Cox, Dixies’ Daughters: The United Daughters of the Confederacy and the Preservation of Confederate Culture (Gainesville, Florida, University Press of Florida, 2003) On the history of the United Daughters of the Confederacy, see Karen L. This process is experimental and the keywords may be updated as the learning algorithm improves. These keywords were added by machine and not by the authors. With their eyes trained firmly on the past, as their motto, “lest we forget,” would indicate, the women of the UDC hoped that the Rock would continue to serve to bind the generations that followed them to a memory of what was for them still, even in the early twentieth century, a lived experience of the Civil War and Civil War loss. 1 This ignominious end was hardly the future that the local chapter of the United Daughters of the Confederacy envisioned for the Rock when they first unveiled it with great pomp and ceremony some 40 years earlier.

Gray Ghosts of the Confederacy by Richard S. Brownlee

There it stood, its original 1935 bronze plaque of dedication to the “valor and patriotism of Confederate Soldiers of Boone County,” virtually obscured by the spray paint and graffiti of a younger generation of students.
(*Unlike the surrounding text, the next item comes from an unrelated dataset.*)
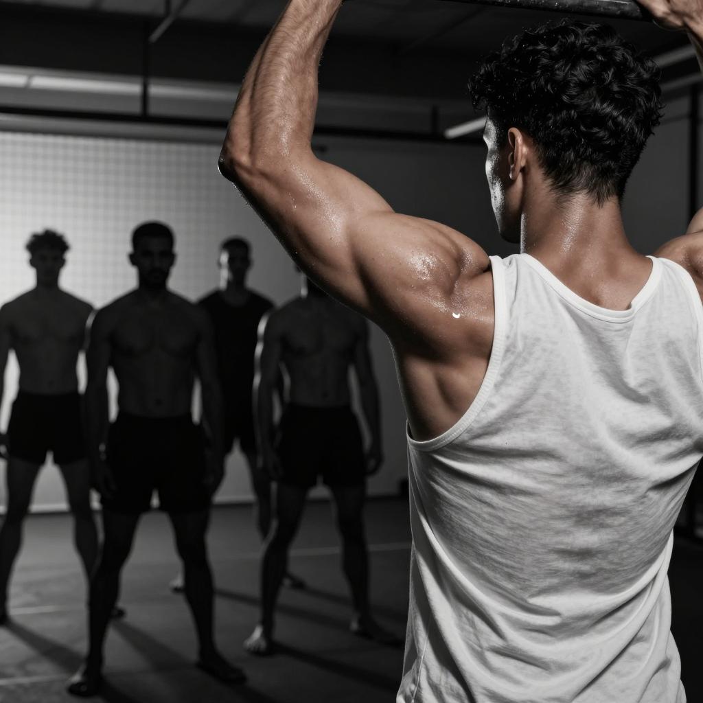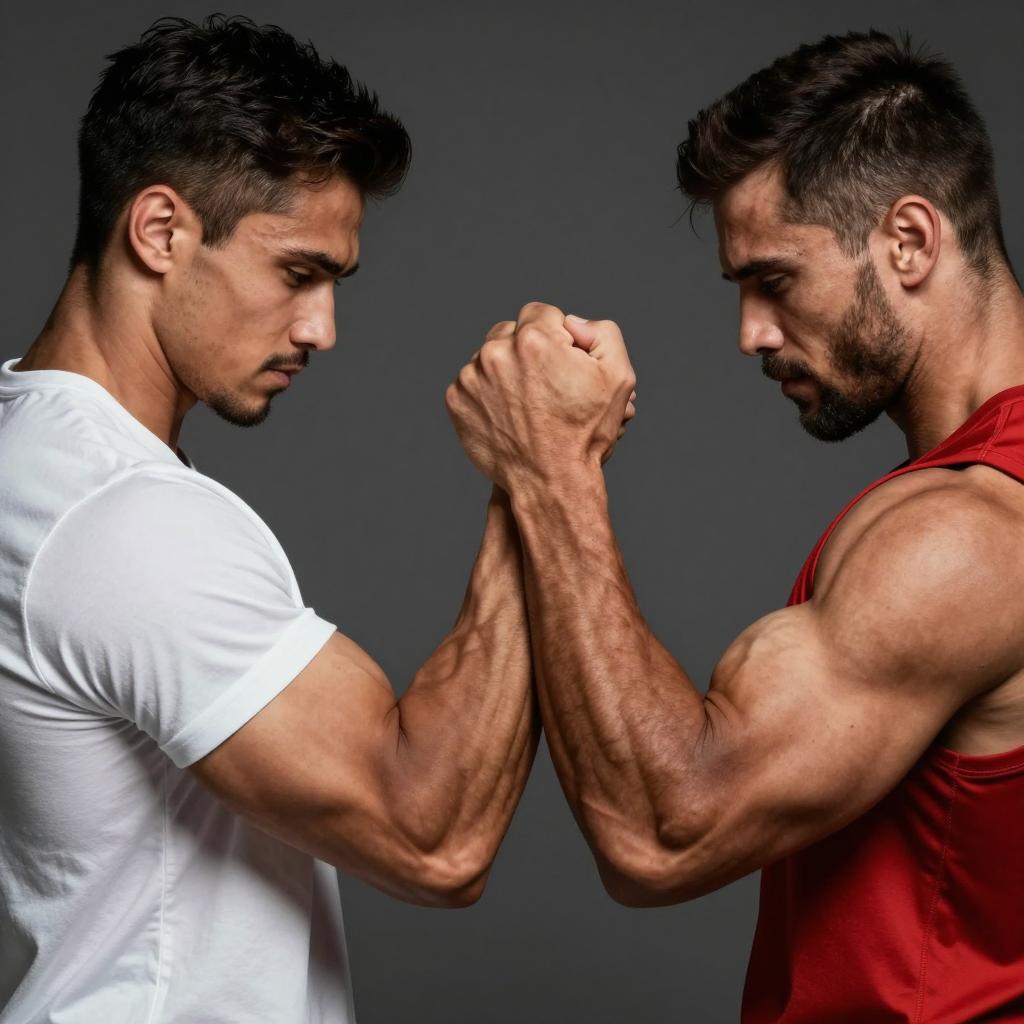 Muscular man with short dark hair, wearing red boxing gloves and a wrapped arm, raises his right arm. Red ured background. Side profile, intense expression, focused gaze. Right arm is prominently wrapped. Boxing theme.

Placing the pink granite boulder on a flat bed truck trailer, workers transported it to an outlying weed-infested field in a city park. On August 16, 1974, in the depths of the Missouri summer heat, and when most university students were far from campus, the city of Columbia quietly removed a five-and-a-half-ton Confederate Memorial from the center of the University of Missouri campus.